Eye - 01 May 2015
The love of letters...
The love of letters
‘What an excellent method the Quakers have found
To keep the Society healthy and sound.
There’s a column reserved in the Friend magazine
Where the views of the various readers are seen.
If they have a concern or embrace a belief,
They can write it all down with a sigh of relief,
And feel they have safely accomplished their end
If they see it next Friday in print in the Friend.
‘There are Friends who would like the Society freed
From commitments remotely resembling a creed;
And others next week say they think the reverse,
And protest woolly-mindedness seems to them worse.
There are some whom long sermons in Meeting distress
And others who like the long silences less;
They are sure they can change the Society’s trend
If only their letters appear in the Friend.
‘There are those who enjoin that we enter the strife
Of social reform and political life.
And others reply in a tone of reproof
That a well-concerned Quaker should stand quite aloof.
There are some who abjure the consumption of meat
And would give us raw carrots and onions to eat.
And all of the writers are sure they can bend
The views of the rest, if they write to the Friend.
‘There’s a Friend who insists we’ll be left in the lurch
If we don’t join the one ecumenical church;
And another rejoins that he strongly objects
If the Quakers consort with unQuakerly sects.
There are some who say motoring’s clearly a crime,
And others approve, if it saves Quaker time.

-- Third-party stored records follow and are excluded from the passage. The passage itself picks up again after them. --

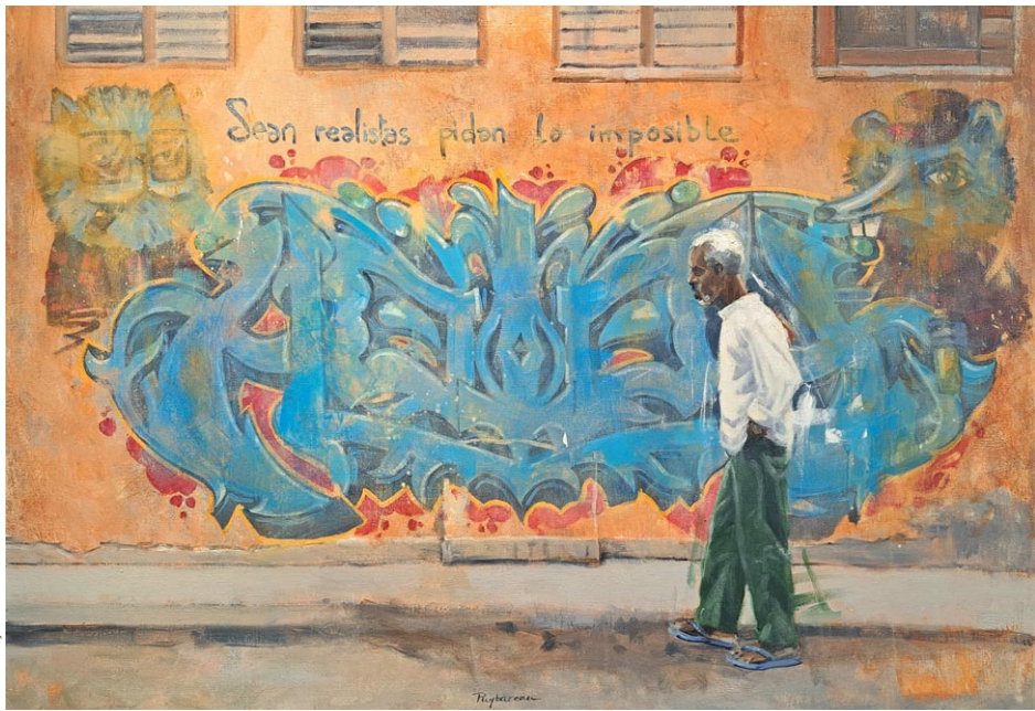
Peinture Sèche #6
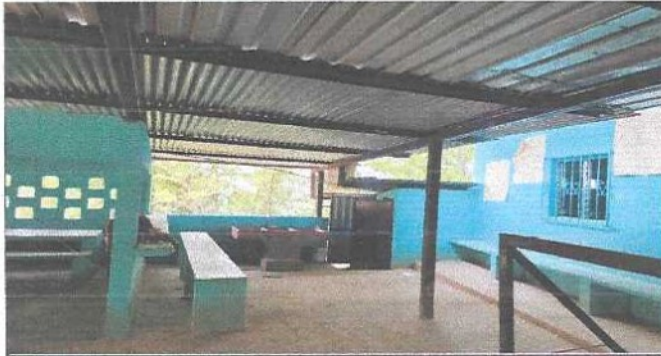
Reparacion y mantenimiento de contanera.
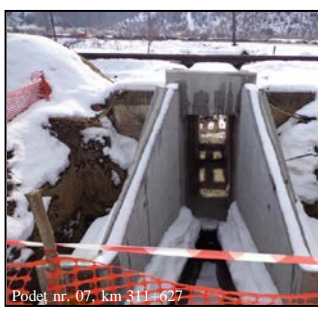
Podet nr. 07, km 311 + 627
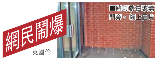
路釘就在玻璃門旁。
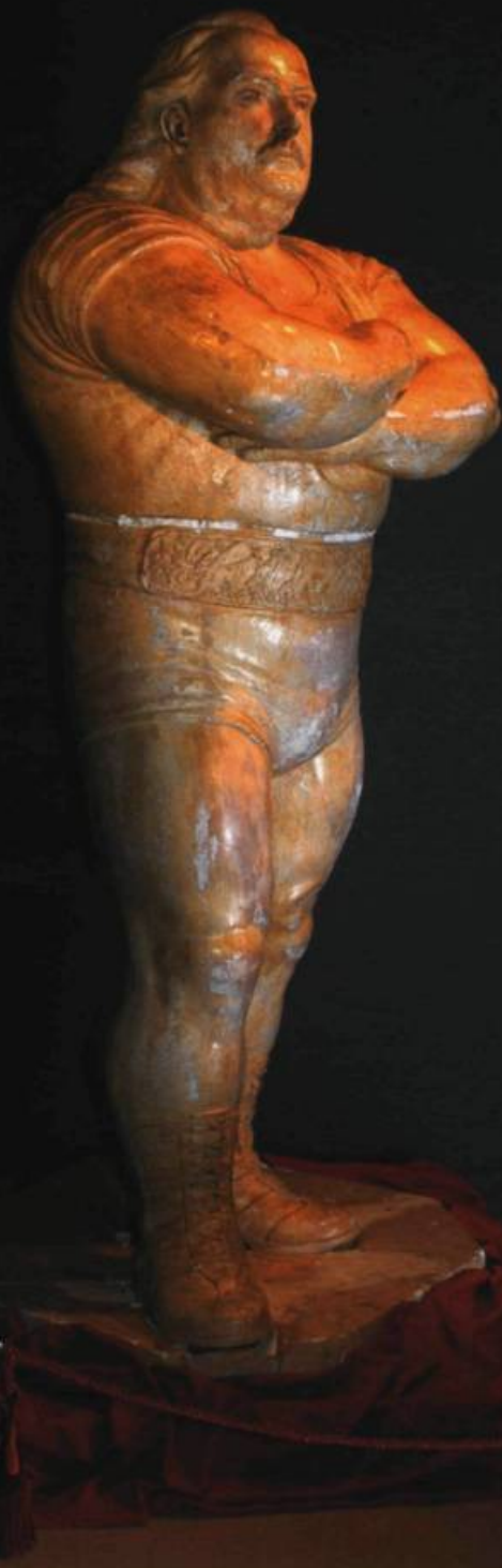
Robert PELLETIER, Monument Louis Cyr, 1969.

Dans la section de l'exposition consacrée à celui que l'on surnommait le « roi de la force », on trouve le moulage grandeur nature du monument prêté par le Musée de la Civilisation. Pouvez-vous nous retracer l'histoire de l'œuvre qui, je crois, débute avec une campagne de souscription ?
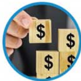
资深资产管理专才
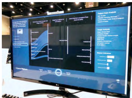
“Eyes of Watson” のデモンストレーション
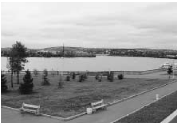
写真15 アンガラ川を望む

イルクーツク駅にはエネルギーシステム研究所の関係者が迎えに来てくれることになっていたが、9時間を越す遅れではそれも無いだろうと半ば諦め、タクシーを拾う覚悟をする。到着予定時刻の午後3時12分は大幅に過ぎ、イルクーツク到着は翌日の深夜0時半をまわっていた。停車すると大勢の客が降りた。薄暗い駅のホームに降り、通路に
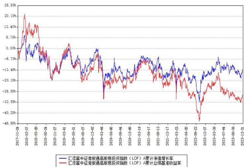
汇添富中证港股通高股息投资指数（LOF）A 累计净值增长率与同期业绩比较基准收益率对比图
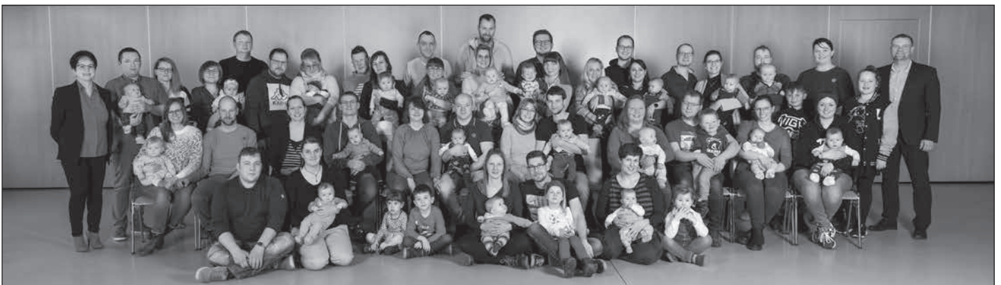
21 Mädchen und 21 Jungen lud der Bürgermeister zum Neugeborenenempfang ein.
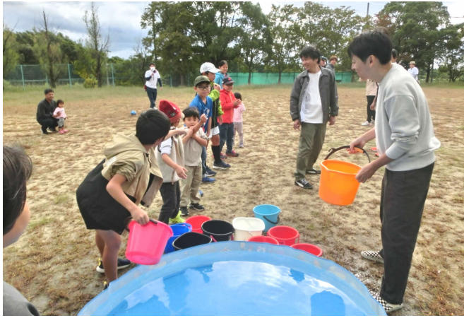
バケツリレーによる消火訓練

午前中は、救急救命講習 と水消火器を使用した消火 訓練を行い、備蓄食品 (アルファ化米炊き込 みご飯) 試食や豚汁な どの炊き出しの昼食を 挟んで、午後からはバ
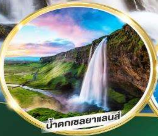
น้ำตกเซลยาแลนส์
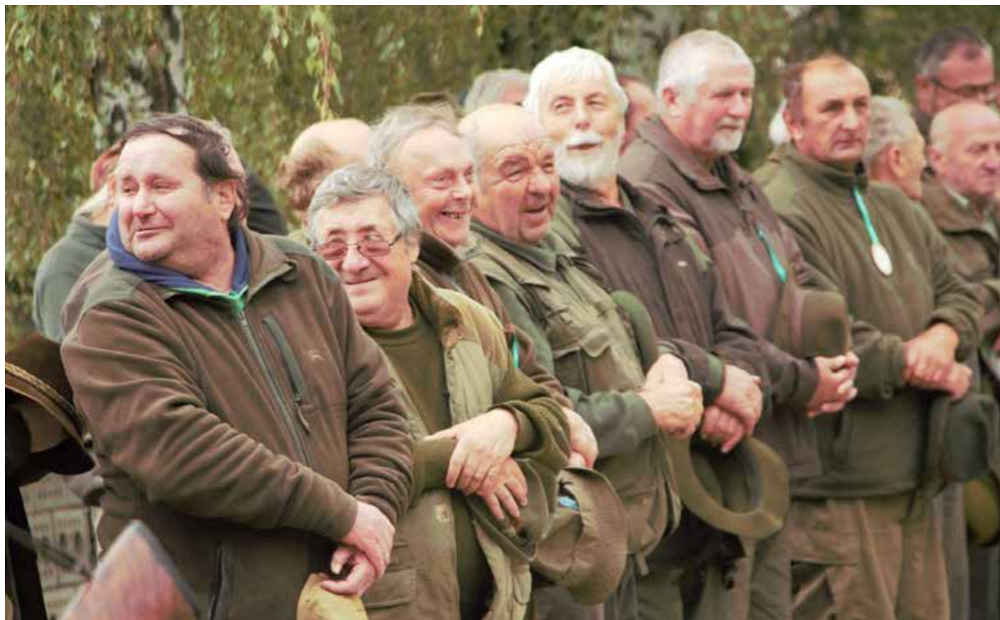
Lhotští myslivci zajišťovali pořadatelskou službu a servis. Zkoušek se v letošním roce žádný domácí myslivec nezúčastnil.

And they all think their brethren their ways will amend
If a letter of protest appears in the Friend.
‘The editor often – long-suffering Peet –
Assures them their letters, if short, will be sweet.
And sometimes they find their epistles in spots
Have become interspersed with a neat row of dots.
Then in sheer desperation he adds: “Hold your peace;
It is time for the vain correspondence to cease.”
But it’s all to no purpose; they don’t cease to send
Long letters expressing their views to the Friend.’
Whilst leafing through archives of the Friend recently Graham Gosling, of Bury St Edmunds Meeting, unearthed these verses. They were published on 25 January 1946 and were sung as part of an entertainment at the annual meeting of the Birmingham Friends Reading Society.